The US Department of Education sign hangs over the entrance to the federal building housing the agency’s headquarters on February 9, 2024, in Washington, DC. 
J. David Ake | Getty Images

If your current federal student loan servicer is Mohela, or the Missouri Higher Education Loan Authority, the U.S. Department of Education said it will soon transfer some student loan borrowers to different servicers.

Here’s what you should know about the change.

Change impacts Mohela borrowers

The Education Department began transferring a portion of Mohela’s borrowers this week to different companies, it said in an April 29 blog post.

More than 1 million borrowers may be impacted.

“A different servicer will begin managing these loans and assisting these borrowers,” the department said.

The Education Department contracts with different companies to service its federal student loans, including Mohela, Nelnet and EdFinancial. It pays the servicers more than $1 billion a year to do so, according to higher education expert Mark Kantrowitz.

Why the transfer is happening

Mohela requested the transfers, the Education Department said, but the company has also been a magnet for controversy of late.

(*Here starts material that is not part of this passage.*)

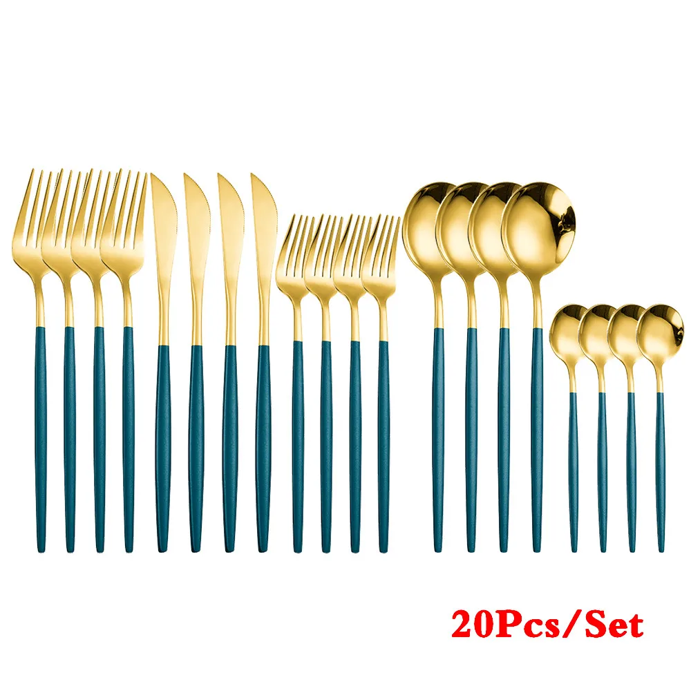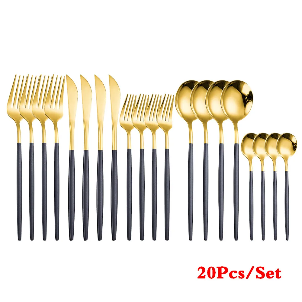 Набор столовых приборов из 20 предметов в западном стиле, столовая посуда из нержавеющей стали, черная ложка, вилка, нож, столовый набор, домашние столовые приборы в комплекте

At the end of October 2023, the government accused the servicer of failing to send timely billing statements to 2.5 million borrowers when the Covid-era pause on payments expired, resulting in more than 800,000 borrowers becoming delinquent.

The Education Department withheld $7.2 million in payment to Mohela for its error.

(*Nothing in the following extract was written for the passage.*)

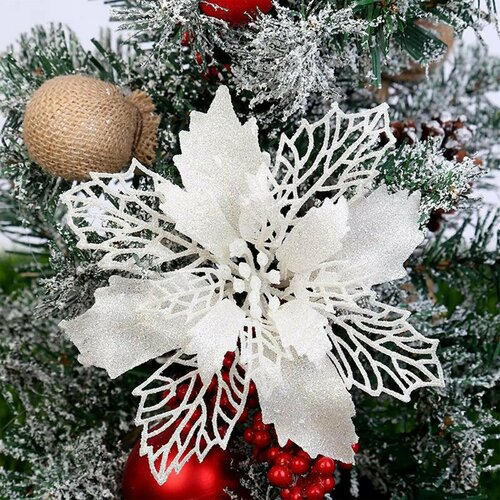 Набор новогодних "Пуансеттии" 10 см для украшения рождественской елки -

“The disruption to Mohela’s servicing last fall may have been caused by capacity issues,” Kantrowitz said.

More from Personal Finance:
Advice about 401(k) rollovers is poised for a big change. Here’s why
IRS free filing pilot processed more than 140,000 returns, commissioner says
Here’s why new home sales inch higher despite 7% mortgage rates

In February, the Student Borrower Protection Center and the American Federation of Teachers published a joint report titled, “The Mohela Papers,” finding that four in 10 student loan borrowers in repayment serviced by Mohela “experienced a servicing failure since loan payments resumed in September 2023.”

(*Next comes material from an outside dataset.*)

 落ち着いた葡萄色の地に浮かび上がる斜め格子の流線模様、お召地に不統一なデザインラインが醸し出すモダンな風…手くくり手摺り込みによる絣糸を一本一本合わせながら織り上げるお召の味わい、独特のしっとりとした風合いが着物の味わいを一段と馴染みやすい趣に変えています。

On April 10, the U.S. Senate Committee on Banking, Housing and Urban Affairs Subcommittee on Economic Policy held a hearing about Mohela’s performance as a student loan servicer.

“Today, Mohela surrendered more than 10 percent of its total loan servicing business, showing that its executives now recognize what borrowers have long understood: Mohela’s position as a leader in the student loan industry was a mistake,” Mike Pierce, the executive director of the Student Borrower Protection Center, said in a statement.

Officials at Mohela did not immediately respond to a request for comment.

Pierce added that he hopes Education Secretary Miguel Cardona “builds on this progress and continues to protect borrowers by stripping the scandal-plagued firm of its remaining business.”

After the transfers, Mohela will still service the federal student loans of at least 6 million borrowers, Kantrowitz estimates.

What borrowers should do amid transition

Borrowers who are being transferred to a different servicer should receive alerts from Mohela and their new servicer, the Education Department explained.

They will then need to establish an online account with their new servicer.

If you were enrolled in automatic payments with your servicer, which usually leads to a small discount on your interest rate, you may need to reenroll, Kantrowitz said.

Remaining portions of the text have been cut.